Alliance working on gambling ban details

Alliance MP Grant Gillon says the detail of a ban proposed by the party on internet gambling in New Zealand has not yet been decided.

In particular, it has not been settled whether the Alliance should propose New Zealanders be prohibited from gambling on overseas sites as well as sites at home.

Gillon's proposal was signalled in a brief paragraph at the end of the Alliance's submission to the government's review of gaming.

Equivalent Australian legislation is going through the federal parliament, sponsored by Senator Richard Alston, and would at this stage only prohibit gambling by Australians on Australian websites.

A spokesman at Senator Alston's office confirms Australians would be free to gamble on overseas sites -- "We couldn't prevent them doing that" -- and overseas gamblers would be allowed to use Australian sites. The proposed law will forbid overseas sites from advertising in Australia, but he concedes advertising via the internet itself would be difficult to keep from Australian eyes.

Computerworld posed the question of bans on overseas sites to Gillon, and he replied via email: "The Alliance suggests that we should note the Australian proposals with interest. We should consider enacting similar legislation; (that does not mean [working to enact] the exact legislation).

"Before NZ does [that] it will need to look at a number of issues associated with internet gambling. These would include the effectiveness and appropriateness of the Australian legislation and also whether the aims could be achieved in a more practical manner." That might include making New Zealanders' gambling debts unrecoverable by the gaming establishment.

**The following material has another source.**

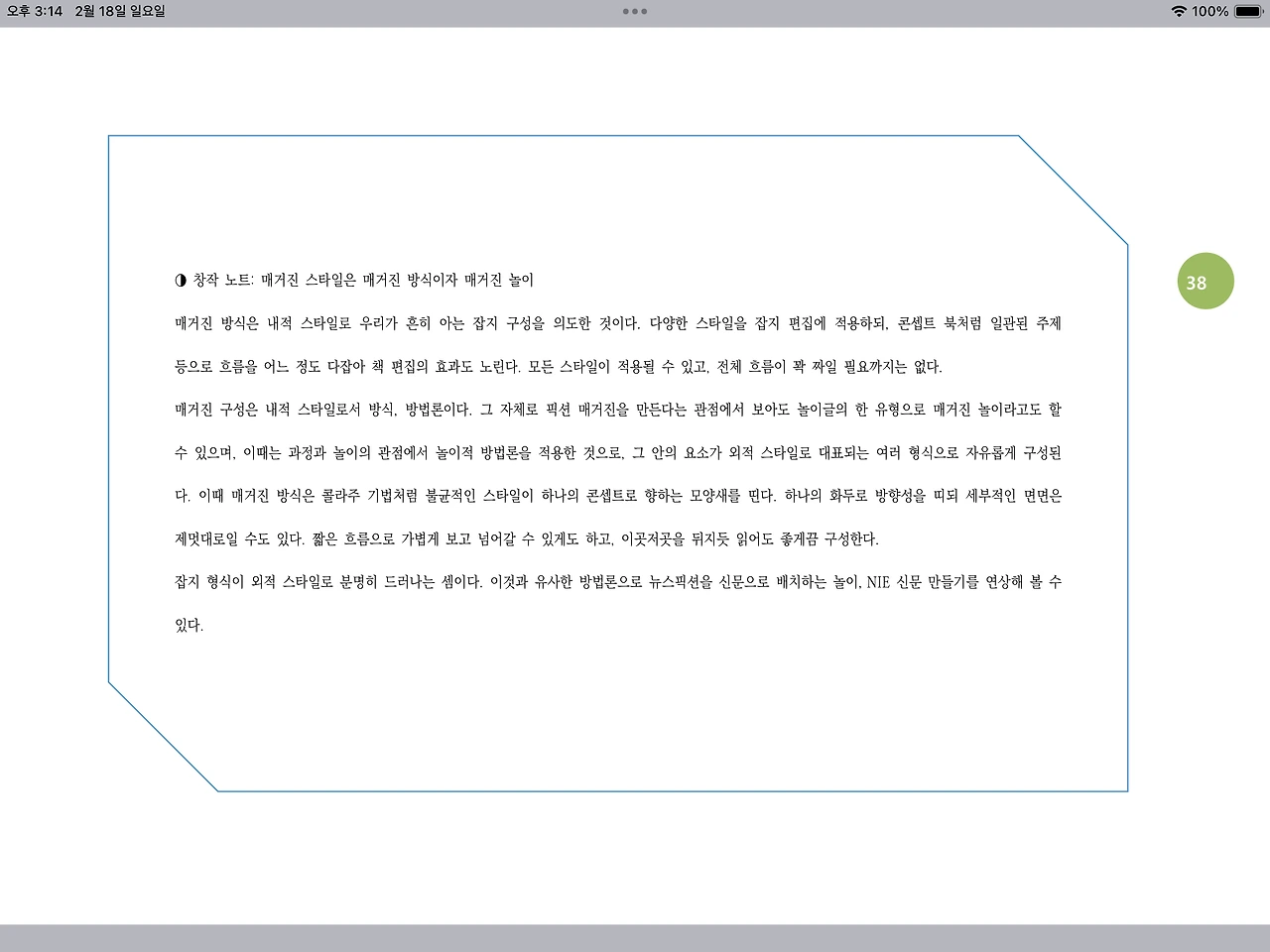 잡지 형식이 외적 스타일로 분명히 드러나는 셈이다. 이것과 유사한 방법론으로 뉴스픽션을 신문으로 배치하는 놀이, NIE 신문 만들기를 연상해 볼 수 있다.

"The submission was carefully worded to show the intent in principle without prescribing the mechanisms," Gillon says.

The Australian proposal has attracted a good deal of adverse comment; not only from the gambling industry, but from those who fear Australians prohibited from gambling on Australian sites would link to overseas sites. That would export the gambling revenue and potential tax on it while leaving any gambling social problems at home, they say.

Whether overseas gambling is prohibited or not, it would require some kind of software blocking by NZ government agencies, or more practically by site proprietors, against access by users at home. Blocking of websites is a contentious issue; the New Zealand Department of Internal Affairs, addressing matters of censorship compliance, has said it is very difficult or impossible, and denies doing it or even experimenting with the idea, as has the Police.

Many New Zealand internet experts suggested in the course of the censorship discussion that there would always be ways for users to misidentify themselves to a website as not being New Zealanders, by using an anonymiser service or an open proxy server. But an Xtra spokeswoman suggests the ISP has the technology to block and will do so on an authorised request from an appropriate government authority. It has not, however, done so yet, she says.